Records to process:
======
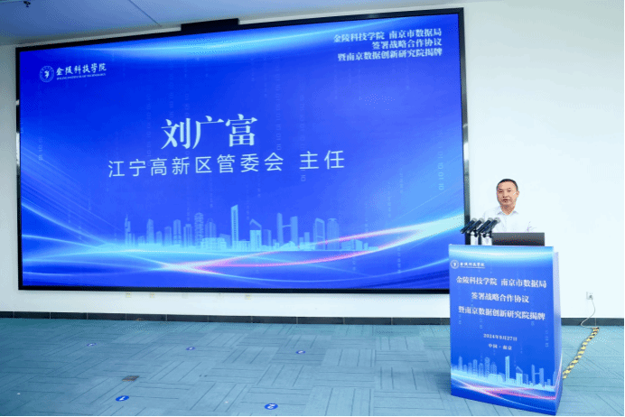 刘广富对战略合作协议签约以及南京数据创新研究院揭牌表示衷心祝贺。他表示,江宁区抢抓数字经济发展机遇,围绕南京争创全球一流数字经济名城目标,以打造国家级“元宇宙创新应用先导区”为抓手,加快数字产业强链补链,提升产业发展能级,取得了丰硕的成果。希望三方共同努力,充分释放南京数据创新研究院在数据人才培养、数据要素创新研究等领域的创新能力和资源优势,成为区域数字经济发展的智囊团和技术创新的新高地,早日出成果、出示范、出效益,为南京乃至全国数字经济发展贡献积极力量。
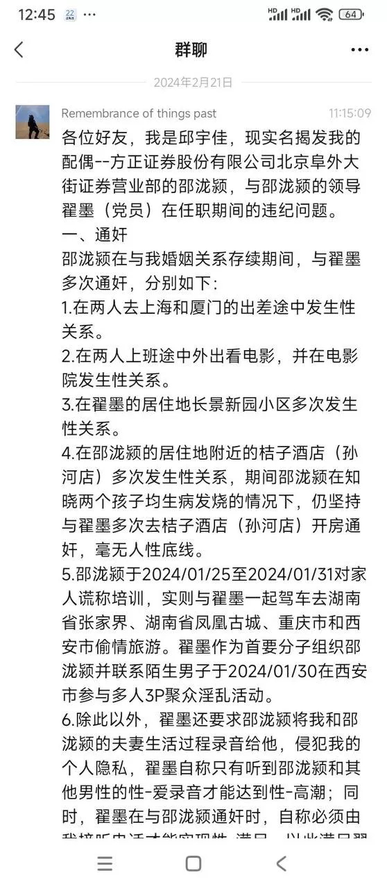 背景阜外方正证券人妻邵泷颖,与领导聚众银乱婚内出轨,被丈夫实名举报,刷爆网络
======
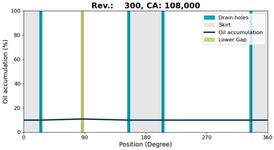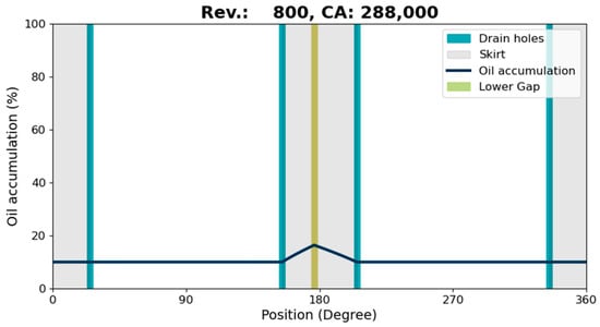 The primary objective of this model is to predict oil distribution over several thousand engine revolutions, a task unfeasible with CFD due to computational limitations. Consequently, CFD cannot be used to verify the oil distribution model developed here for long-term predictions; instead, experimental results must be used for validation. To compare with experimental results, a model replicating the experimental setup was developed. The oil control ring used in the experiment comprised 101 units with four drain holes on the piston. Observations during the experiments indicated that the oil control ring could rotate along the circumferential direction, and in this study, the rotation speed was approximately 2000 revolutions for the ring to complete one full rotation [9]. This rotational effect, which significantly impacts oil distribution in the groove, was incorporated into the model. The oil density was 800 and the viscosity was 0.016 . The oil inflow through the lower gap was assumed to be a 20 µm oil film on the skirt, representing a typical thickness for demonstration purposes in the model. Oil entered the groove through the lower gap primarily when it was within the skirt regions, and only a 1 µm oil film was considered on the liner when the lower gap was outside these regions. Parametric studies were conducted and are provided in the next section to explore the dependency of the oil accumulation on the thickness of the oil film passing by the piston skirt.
======
Problem to solve: The line holding "刘广富对战略合作协议签约以及" starts the copy and the line holding "背景阜外方正证券人妻邵泷颖,与领导聚众银乱婚内出轨,被丈夫实名举报,刷爆网络" ends it. Repeat those two lines above and all between them exactly, leaving out pictures.

Task answer:
 刘广富对战略合作协议签约以及南京数据创新研究院揭牌表示衷心祝贺。他表示,江宁区抢抓数字经济发展机遇,围绕南京争创全球一流数字经济名城目标,以打造国家级“元宇宙创新应用先导区”为抓手,加快数字产业强链补链,提升产业发展能级,取得了丰硕的成果。希望三方共同努力,充分释放南京数据创新研究院在数据人才培养、数据要素创新研究等领域的创新能力和资源优势,成为区域数字经济发展的智囊团和技术创新的新高地,早日出成果、出示范、出效益,为南京乃至全国数字经济发展贡献积极力量。
 背景阜外方正证券人妻邵泷颖,与领导聚众银乱婚内出轨,被丈夫实名举报,刷爆网络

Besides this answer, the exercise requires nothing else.